PROGRAM EDUCATIONAL OBJECTIVES (PEOs):
PEO1 – To enable the graduates to demonstrate their skills in solving challenges in their chosen field through the core foundation and knowledge acquired in engineering and biology.
PEO2 – To enable the graduates to exhibit leadership, make decisions with societal and ethical responsibilities, function, and communicate effectively in multidisciplinary settings.
PEO3 – To ensure that graduates will recognize the need for sustaining and expanding their technical competence and engage in learning opportunities throughout their careers.
PROGRAM OUTCOMES (POs):
Engineering Graduates will be able to:
- Engineering knowledge: Apply the knowledge of mathematics, science, engineering fundamentals, and an engineering specialization to the solution of complex engineering problems.
- Problem analysis: Identity, formulate, review research literature, and analyze complex engineering problems reaching substantiated conclusions using first principles of mathematics, natural sciences, and engineering sciences.
- Design/development of solutions: Design solutions for complex engineering problems and design system components or processes that meet the specified needs with appropriate consideration for public health and safety, and the cultural, societal, and environmental considerations.
- Conduct investigations of complex problems: Use research-based knowledge and research methods including design of experiments, analysis, and interpretation of data, and synthesis of the information to provide valid conclusions.
- Modern tool usage: Create, select, and apply appropriate techniques, resources, and modern engineering and IT tools including prediction and modeling to complex engineering activities with an understanding of the limitations.
- The engineer and society: Apply to reason informed by the contextual knowledge to assess societal, health, safety, legal and cultural issues and the consequent responsibilities relevant to the professional engineering practice.
- Environment and sustainability: Understand the impact of the professional engineering solutions in societal and environmental contexts, and demonstrate the knowledge of, and need for sustainable development.

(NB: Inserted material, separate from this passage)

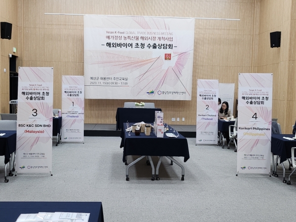이번 수출상담회에는 예가정성 인증제품 생산 참가기업 10개사가 모두 참여해 28건의 상담을 진행했으며 수출 상담액 347만달러, 업무협약 4건, 260만달러를 체결하는 성과를 거뒀고 태국, 말레이시아, 필리핀 바이어를 통해 신규 해외시장 개척 관련 판로 확대 가능성을 긍정적으로 확인했다.

- Ethics: Apply ethical principles and commit to professional ethics and responsibilities and norms of the engineering practice.
- Individual and teamwork: Function effectively as an individual, and as a member or leader in diverse teams, and in multidisciplinary settings.
- Communication: Communicate effectively on complex engineering activities with the engineering community and with society at large, such as being able to comprehend and write effective reports and design documentation, make effective presentations, and give and receive clear instructions.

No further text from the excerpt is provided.